Supplied data:

• • • • • • •

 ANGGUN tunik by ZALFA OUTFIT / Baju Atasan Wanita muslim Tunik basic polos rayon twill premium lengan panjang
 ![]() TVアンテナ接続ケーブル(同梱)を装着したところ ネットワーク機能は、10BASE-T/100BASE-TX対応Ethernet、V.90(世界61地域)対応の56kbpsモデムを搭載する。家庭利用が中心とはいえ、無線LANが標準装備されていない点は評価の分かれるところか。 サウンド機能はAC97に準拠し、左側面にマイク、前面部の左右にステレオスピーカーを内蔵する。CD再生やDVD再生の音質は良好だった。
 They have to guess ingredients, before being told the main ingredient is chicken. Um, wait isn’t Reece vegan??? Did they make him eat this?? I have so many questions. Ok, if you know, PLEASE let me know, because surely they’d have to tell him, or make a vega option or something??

• • • • • • •

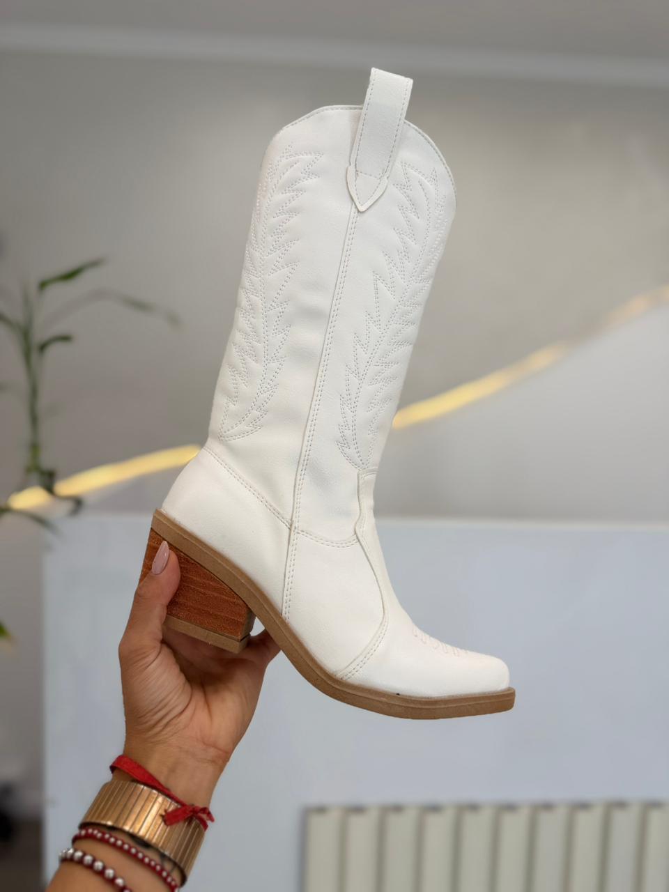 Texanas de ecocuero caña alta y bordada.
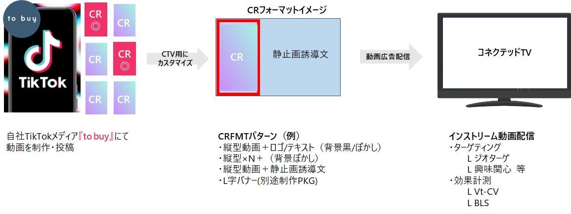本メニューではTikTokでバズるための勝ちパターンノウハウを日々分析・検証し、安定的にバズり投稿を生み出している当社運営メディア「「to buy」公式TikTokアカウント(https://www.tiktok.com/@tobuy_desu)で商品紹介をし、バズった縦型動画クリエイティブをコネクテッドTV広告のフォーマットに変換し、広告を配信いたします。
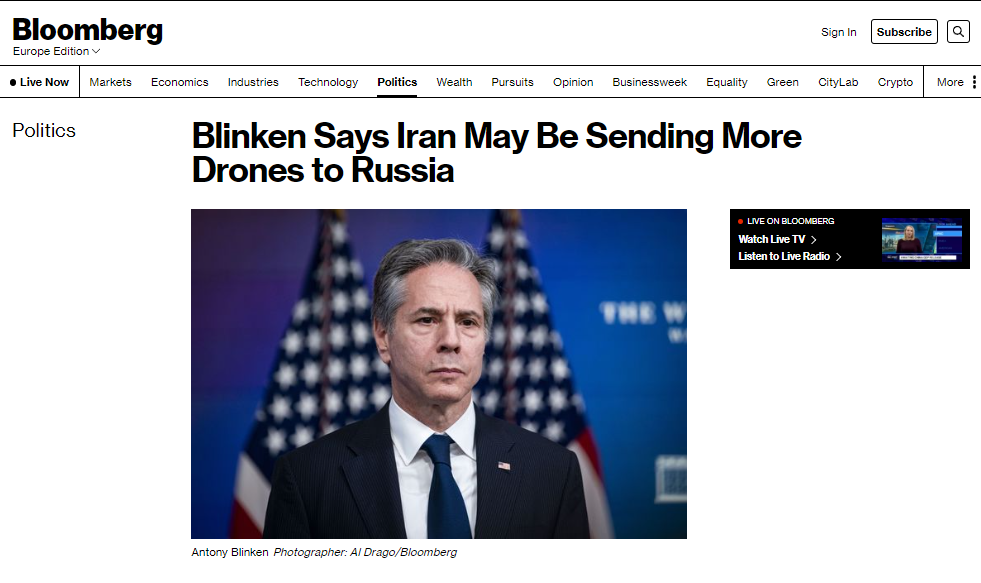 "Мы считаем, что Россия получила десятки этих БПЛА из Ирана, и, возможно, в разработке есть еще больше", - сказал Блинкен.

• • • • • • •

Your objective: Exact copy, pictures excluded: every line above from the one containing "本メニューではTikTokで" to the one containing "- сказал Блинкен.", inclusive, and nothing more.

Task result:
本メニューではTikTokでバズるための勝ちパターンノウハウを日々分析・検証し、安定的にバズり投稿を生み出している当社運営メディア「「to buy」公式TikTokアカウント(https://www.tiktok.com/@tobuy_desu)で商品紹介をし、バズった縦型動画クリエイティブをコネクテッドTV広告のフォーマットに変換し、広告を配信いたします。
 "Мы считаем, что Россия получила десятки этих БПЛА из Ирана, и, возможно, в разработке есть еще больше", - сказал Блинкен.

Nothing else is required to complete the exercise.